(Beginning of MATERIAL TO PROCESS)

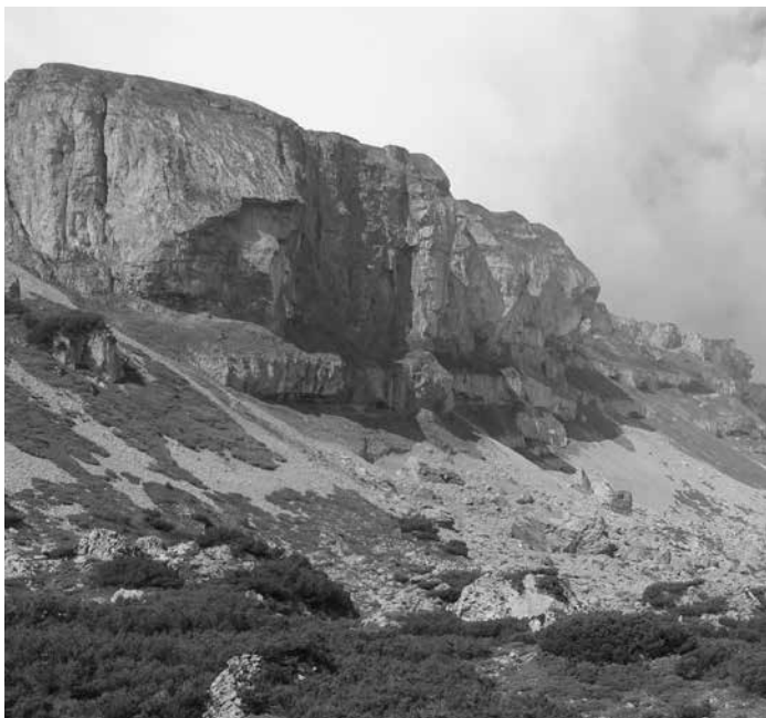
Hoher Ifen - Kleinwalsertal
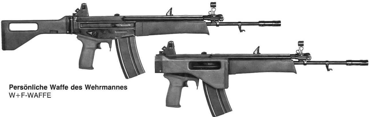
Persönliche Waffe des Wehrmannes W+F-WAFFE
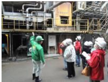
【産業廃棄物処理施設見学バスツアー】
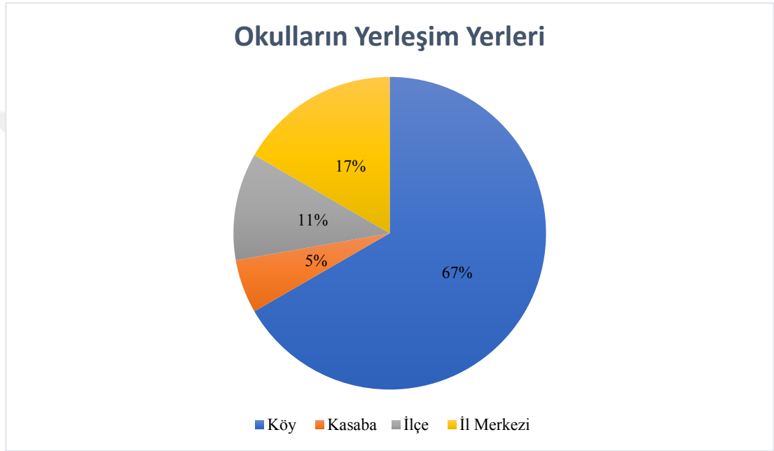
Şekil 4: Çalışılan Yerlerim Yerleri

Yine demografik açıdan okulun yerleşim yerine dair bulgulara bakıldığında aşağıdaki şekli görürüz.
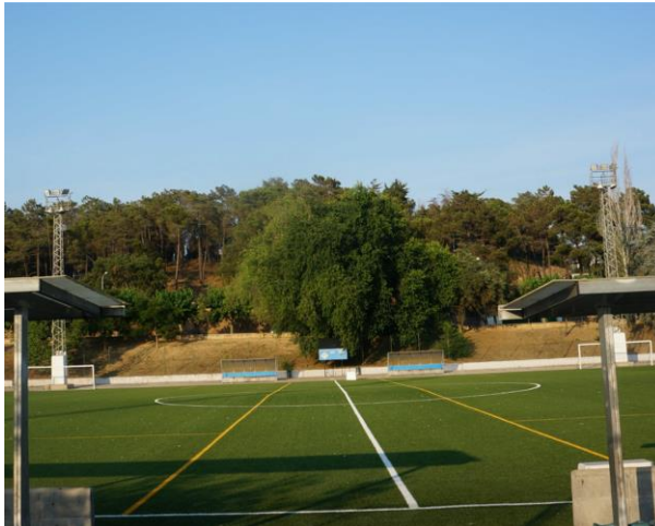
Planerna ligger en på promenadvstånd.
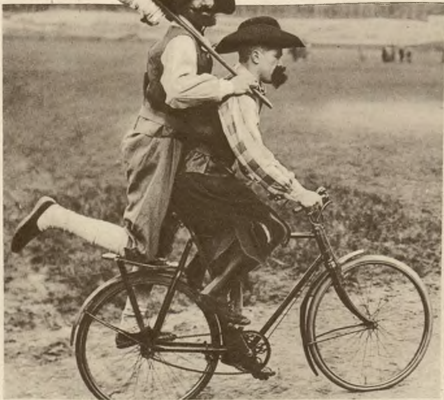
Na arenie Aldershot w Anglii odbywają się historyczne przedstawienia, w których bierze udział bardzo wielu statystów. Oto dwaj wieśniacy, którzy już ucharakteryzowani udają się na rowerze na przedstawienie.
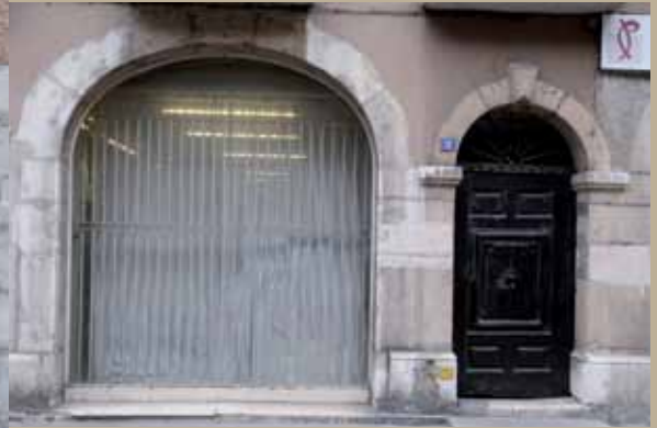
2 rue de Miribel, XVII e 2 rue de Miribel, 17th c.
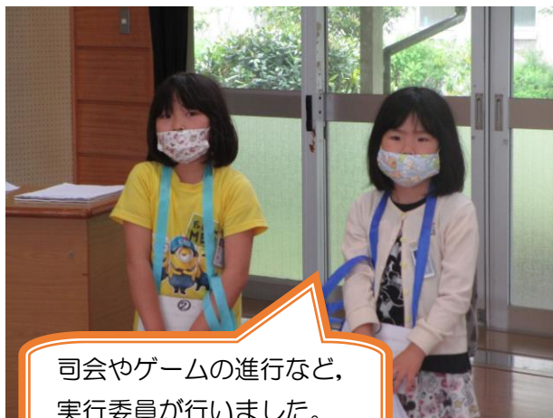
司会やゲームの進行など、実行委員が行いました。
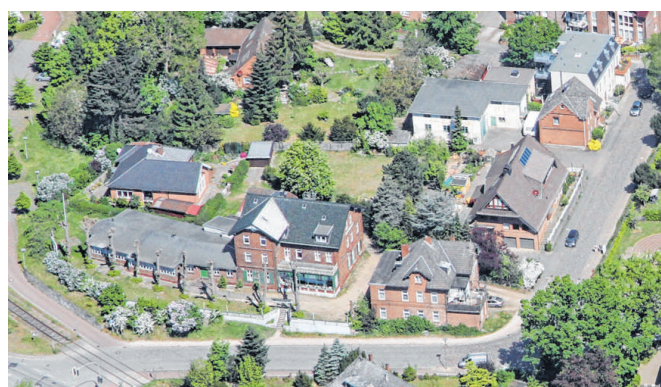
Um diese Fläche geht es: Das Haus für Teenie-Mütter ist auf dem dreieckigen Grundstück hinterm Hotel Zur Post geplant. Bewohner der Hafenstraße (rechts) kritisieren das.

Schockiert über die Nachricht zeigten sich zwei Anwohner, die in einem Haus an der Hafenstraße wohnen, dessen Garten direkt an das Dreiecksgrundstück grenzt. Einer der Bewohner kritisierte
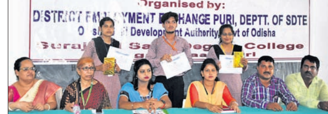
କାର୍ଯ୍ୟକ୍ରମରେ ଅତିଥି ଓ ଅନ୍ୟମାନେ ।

(End of MATERIAL TO PROCESS)

• **WHAT NEEDS TO BE DONE**
If "Bewohner" is in a line of the listing above, count that line; give the final number and nothing more.

• **WRITTEN ANSWER**
2